Activity - Could you repeat the data word for word while skipping the pictures?

——

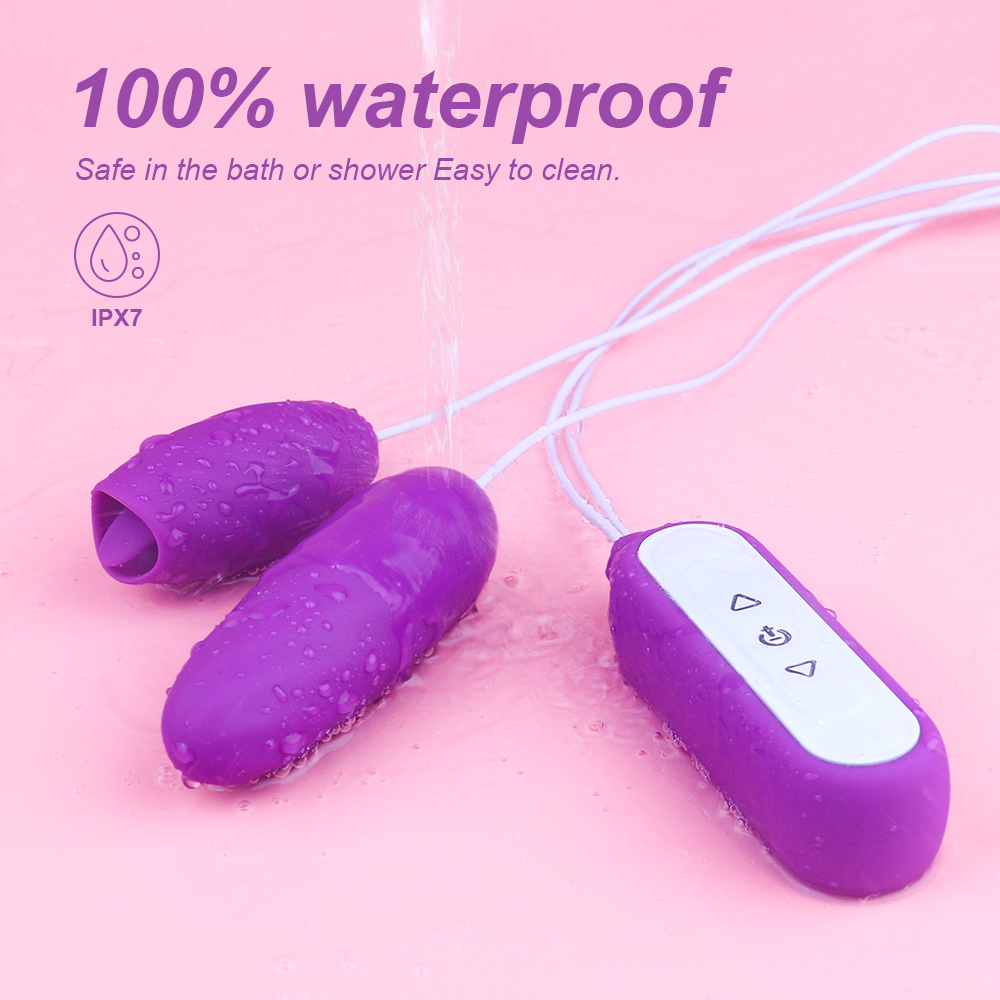 2 oua incantatoare, de doua ori mai multe orgasme! Conectate la o telecomanda cu fir, cu butoane ce controleaza separat fiecare jucarie, acestea iti vor oferi placere si satisfactie oriunde iti vei atinge punctele sensibile: pe clitoris, pe sfarcuri, pe perineu, pe gat. Limbutele moi din silicon “flutura” in 9 moduri diferite, de la tachinari delicate, pana la furnicaturi cu adevarat explozive iar glontul este prevazut cu 9 moduri de tractiune, de miscari sus-jos, pentru o penetrare profunda. Cele doua jucarii le puteti folosi impreuna sau separat, in functie de nevoiel si dorintele voastre! Datorita cablului lung, jucaria poate fi folosita impreuna cu un partener, pentru o placere orgasmica impartasita! Atunci cand nu mai are putere, atasati mufa cablului magnetic pe cele doua puncte de pe telecomanda si asteptati incarcarea completa, aproximativ, 1,5-2 ore. Recomandam folosirea unui lubrifiant pe baza de apa impreuna cu acest produs si curatarea lui dupa fiecare utilizare cu apa calda si sapun. pentru o igiena completa, pulverizati apoi o solutie toy cleaner. Rezistent la apa! Clasa de impermeabilitate: IPX7 Vezi standardul de impermeabilitate pentru acest produs! Acest produs beneficiaza de garantie timp de 2 ani de la achizitie!
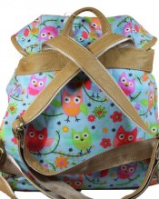SwankySwans Winking Owl Print Rucksack Bag – Honey Leather Trim – BK383
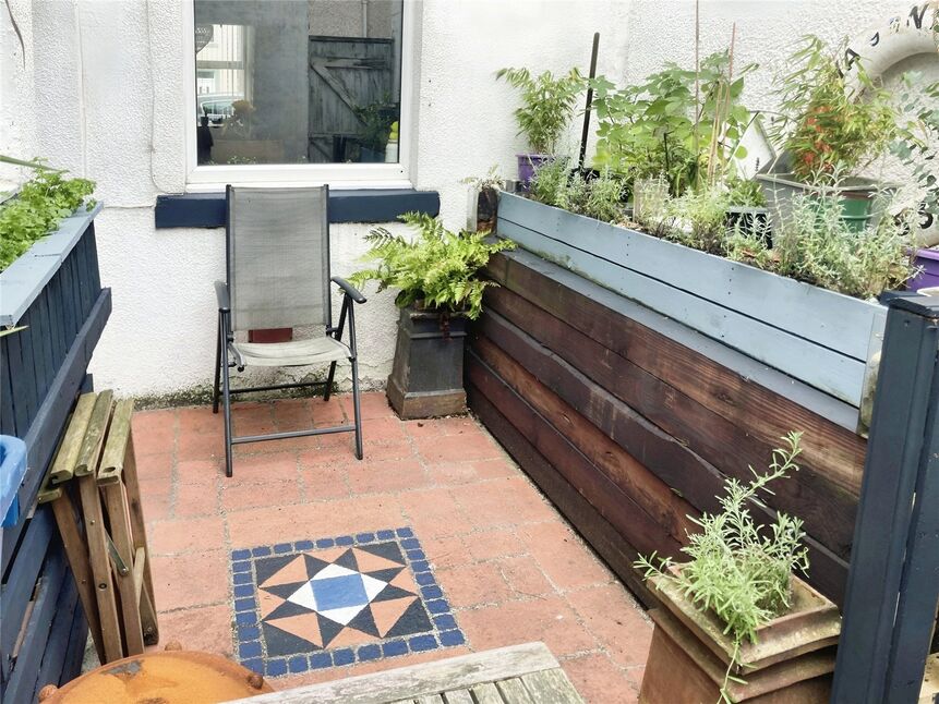 Outside to the rear is a lovely enclosed yard with raised beds and painted floor, making it feel like another room outside. To the front is an enclosed forecourt area with ample space for a seating area.
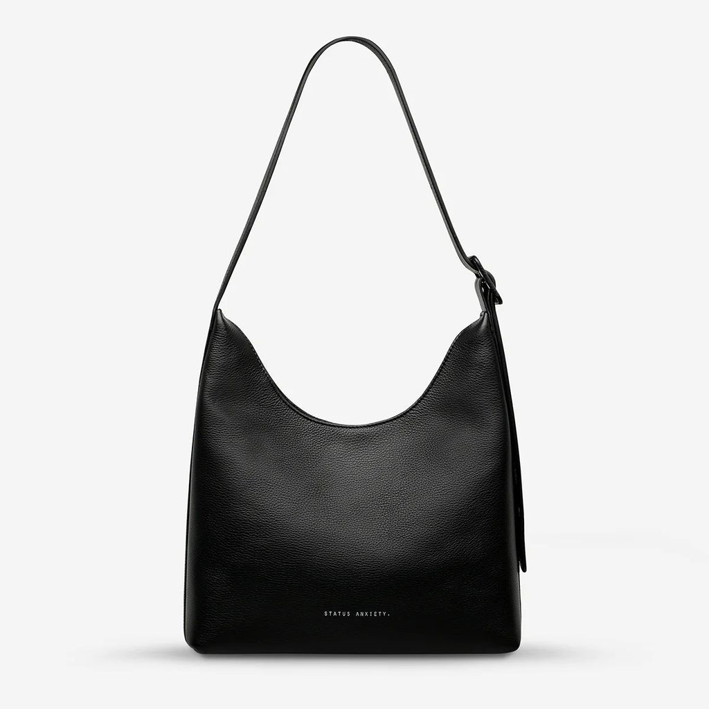 The Status Anxiety Take you Higher Bag is the new larger bag style for the year. The bag is made from a soft shrunken pebble leather and features a magnet closure, internal zip pocket and adjustable shoulder strap.
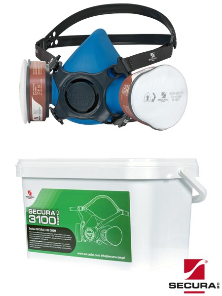 Zestaw SECURA 3100 CHEM.- w skład zestawu wchodzą: silikonowa półmaska SECURA 3100, dwa pochłaniaczy 3031 A2, dwa filty 3000.03 P3 R- wszystkie elementy zestawu spakowane osobno (pochłaniacze spakowane hermetycznie)- stanowi ochronę układu oddechowego przed pyłami, dymami i mgłami, a także parami i gazami organicznymi o temperaturze wrzenia > 65 °C- przeznaczony m.in. do lakierowania, malowania, laminowania, szlifowania, opryskiwania, zabiegach w produkcji roślin pod osłonami oraz zamgławiania- polecana dla użytkowników środków ochrony roślin - chroni przed pestycydami- spełnia wymagania norm: półmaska - EN140, pochłaniacze - EN14387, filtry - EN143
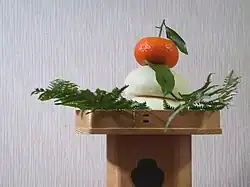 Kagami-Mochi (jap. 鏡餅, dt. „Spiegel-Reiskuchen“) ist eine traditionelle Dekoration zum japanischen Neujahrsfest. Sie besteht gewöhnlich aus zwei runden Mochi (Reiskuchen), wobei der kleinere auf dem größeren sitzt, und einer Daidai (eine japanische Varietät der Bitterorange) mit einem daran befestigten Blatt oben auf. Unter dem Mochi kann sich ein Blatt Konbu und in Stiftform gebrachte, getrocknete Kaki befinden. Das Ganze sitzt auf einem Ständer, der sampō (三宝, „drei Schätze“) genannt wird, auf einem Blatt Papier (四方紅, shihōbeni), das für die nächsten Jahre Feuer vom Hause fernhalten soll. Feuer führte in den hauptsächlich aus Holz und Papier erbauten japanischen Siedlungen oft zum Verlust ganzer Stadtteile.
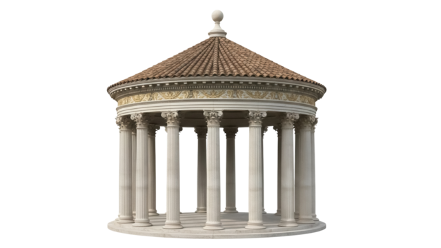 Classical rotunda isolated PNG on transparent background, architectural structure with columns and tiled roof, ancient temple building for design projects
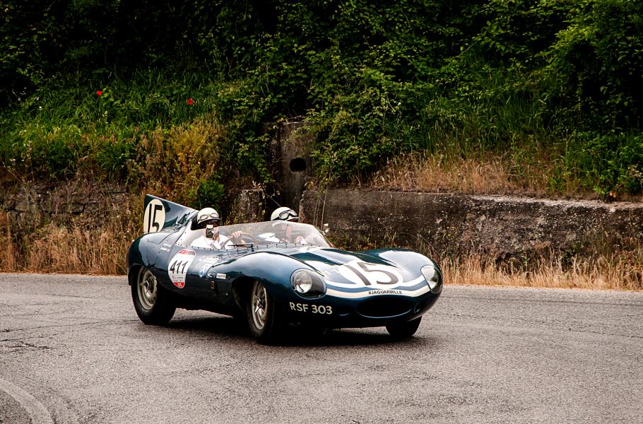 Tento typ Jaguaru se vyráběl v letech 1954–1957, přičemž vzniklo pouze 87 kusů. V roce 1956 se stal celkovým vítězem slavného vytrvalostního závodu v Le Mans. S maximem 278 km/h překonal o 3 km i v té době nejrychlejší Ferrari. Pro klání ve francouzském městě, kde rychlosti běžně překračovaly 240 km/h, dostalo auto masivní stabilizační ploutev, jež zlepšovala aerodynamické vlastnosti. V roce 1957 se pak objevila cestovní verze tohoto typu, určená pro jízdu na běžných silnicích.
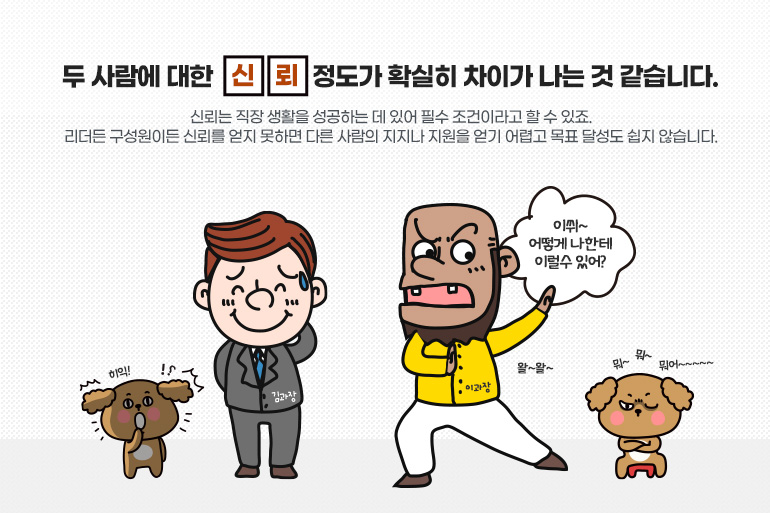 “김과장이 프로젝트를 진행한다고 하면 상사도 동료들도 환영하며 기꺼이 협조를 합니다. 그런데 이과장은 그렇지가 않죠. 두 사람에 대한 OO 정도가 확실히 차이가 나는 것 같습니다.”
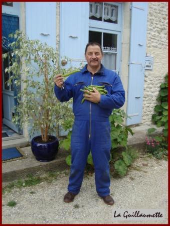 Et lui aussi m'a fait une surprise. Il a réussi sa plantation de fèves qu'il avait faite à l'automne et voilà une partie de sa récolte!
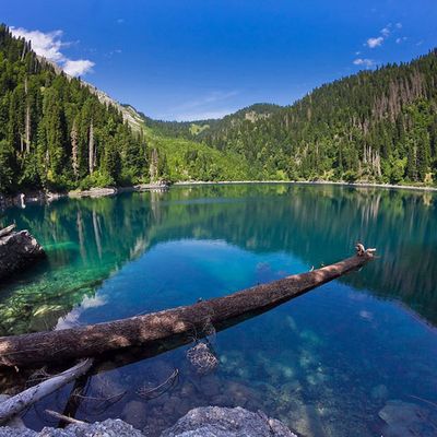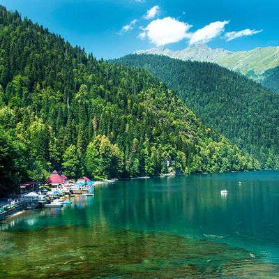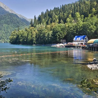 Не были на Рице — не были в Абхазии, и это не шутка. Вы поймете, почему есть такое выражение, когда увидите его своими глазами. Озеро Рица — визитная карточка Абхазии. Рица во многих отношениях лидер: это самое известное, самое большое и одно из самых красивых озер Абхазии. Оно расположено на высоте около 950 метров и с трех сторон окружено горами. Вода в Рице такая прозрачная, что сквозь ее толщу можно разглядеть стремительную форель, сигов, голавлей и микроскопические водоросли.

——

Expected output -
 2 oua incantatoare, de doua ori mai multe orgasme! Conectate la o telecomanda cu fir, cu butoane ce controleaza separat fiecare jucarie, acestea iti vor oferi placere si satisfactie oriunde iti vei atinge punctele sensibile: pe clitoris, pe sfarcuri, pe perineu, pe gat. Limbutele moi din silicon “flutura” in 9 moduri diferite, de la tachinari delicate, pana la furnicaturi cu adevarat explozive iar glontul este prevazut cu 9 moduri de tractiune, de miscari sus-jos, pentru o penetrare profunda. Cele doua jucarii le puteti folosi impreuna sau separat, in functie de nevoiel si dorintele voastre! Datorita cablului lung, jucaria poate fi folosita impreuna cu un partener, pentru o placere orgasmica impartasita! Atunci cand nu mai are putere, atasati mufa cablului magnetic pe cele doua puncte de pe telecomanda si asteptati incarcarea completa, aproximativ, 1,5-2 ore. Recomandam folosirea unui lubrifiant pe baza de apa impreuna cu acest produs si curatarea lui dupa fiecare utilizare cu apa calda si sapun. pentru o igiena completa, pulverizati apoi o solutie toy cleaner. Rezistent la apa! Clasa de impermeabilitate: IPX7 Vezi standardul de impermeabilitate pentru acest produs! Acest produs beneficiaza de garantie timp de 2 ani de la achizitie!
SwankySwans Winking Owl Print Rucksack Bag – Honey Leather Trim – BK383
 Outside to the rear is a lovely enclosed yard with raised beds and painted floor, making it feel like another room outside. To the front is an enclosed forecourt area with ample space for a seating area.
 The Status Anxiety Take you Higher Bag is the new larger bag style for the year. The bag is made from a soft shrunken pebble leather and features a magnet closure, internal zip pocket and adjustable shoulder strap.
 Zestaw SECURA 3100 CHEM.- w skład zestawu wchodzą: silikonowa półmaska SECURA 3100, dwa pochłaniaczy 3031 A2, dwa filty 3000.03 P3 R- wszystkie elementy zestawu spakowane osobno (pochłaniacze spakowane hermetycznie)- stanowi ochronę układu oddechowego przed pyłami, dymami i mgłami, a także parami i gazami organicznymi o temperaturze wrzenia > 65 °C- przeznaczony m.in. do lakierowania, malowania, laminowania, szlifowania, opryskiwania, zabiegach w produkcji roślin pod osłonami oraz zamgławiania- polecana dla użytkowników środków ochrony roślin - chroni przed pestycydami- spełnia wymagania norm: półmaska - EN140, pochłaniacze - EN14387, filtry - EN143
 Kagami-Mochi (jap. 鏡餅, dt. „Spiegel-Reiskuchen“) ist eine traditionelle Dekoration zum japanischen Neujahrsfest. Sie besteht gewöhnlich aus zwei runden Mochi (Reiskuchen), wobei der kleinere auf dem größeren sitzt, und einer Daidai (eine japanische Varietät der Bitterorange) mit einem daran befestigten Blatt oben auf. Unter dem Mochi kann sich ein Blatt Konbu und in Stiftform gebrachte, getrocknete Kaki befinden. Das Ganze sitzt auf einem Ständer, der sampō (三宝, „drei Schätze“) genannt wird, auf einem Blatt Papier (四方紅, shihōbeni), das für die nächsten Jahre Feuer vom Hause fernhalten soll. Feuer führte in den hauptsächlich aus Holz und Papier erbauten japanischen Siedlungen oft zum Verlust ganzer Stadtteile.
 Classical rotunda isolated PNG on transparent background, architectural structure with columns and tiled roof, ancient temple building for design projects
 Tento typ Jaguaru se vyráběl v letech 1954–1957, přičemž vzniklo pouze 87 kusů. V roce 1956 se stal celkovým vítězem slavného vytrvalostního závodu v Le Mans. S maximem 278 km/h překonal o 3 km i v té době nejrychlejší Ferrari. Pro klání ve francouzském městě, kde rychlosti běžně překračovaly 240 km/h, dostalo auto masivní stabilizační ploutev, jež zlepšovala aerodynamické vlastnosti. V roce 1957 se pak objevila cestovní verze tohoto typu, určená pro jízdu na běžných silnicích.
 “김과장이 프로젝트를 진행한다고 하면 상사도 동료들도 환영하며 기꺼이 협조를 합니다. 그런데 이과장은 그렇지가 않죠. 두 사람에 대한 OO 정도가 확실히 차이가 나는 것 같습니다.”
 Et lui aussi m'a fait une surprise. Il a réussi sa plantation de fèves qu'il avait faite à l'automne et voilà une partie de sa récolte!
 Не были на Рице — не были в Абхазии, и это не шутка. Вы поймете, почему есть такое выражение, когда увидите его своими глазами. Озеро Рица — визитная карточка Абхазии. Рица во многих отношениях лидер: это самое известное, самое большое и одно из самых красивых озер Абхазии. Оно расположено на высоте около 950 метров и с трех сторон окружено горами. Вода в Рице такая прозрачная, что сквозь ее толщу можно разглядеть стремительную форель, сигов, голавлей и микроскопические водоросли.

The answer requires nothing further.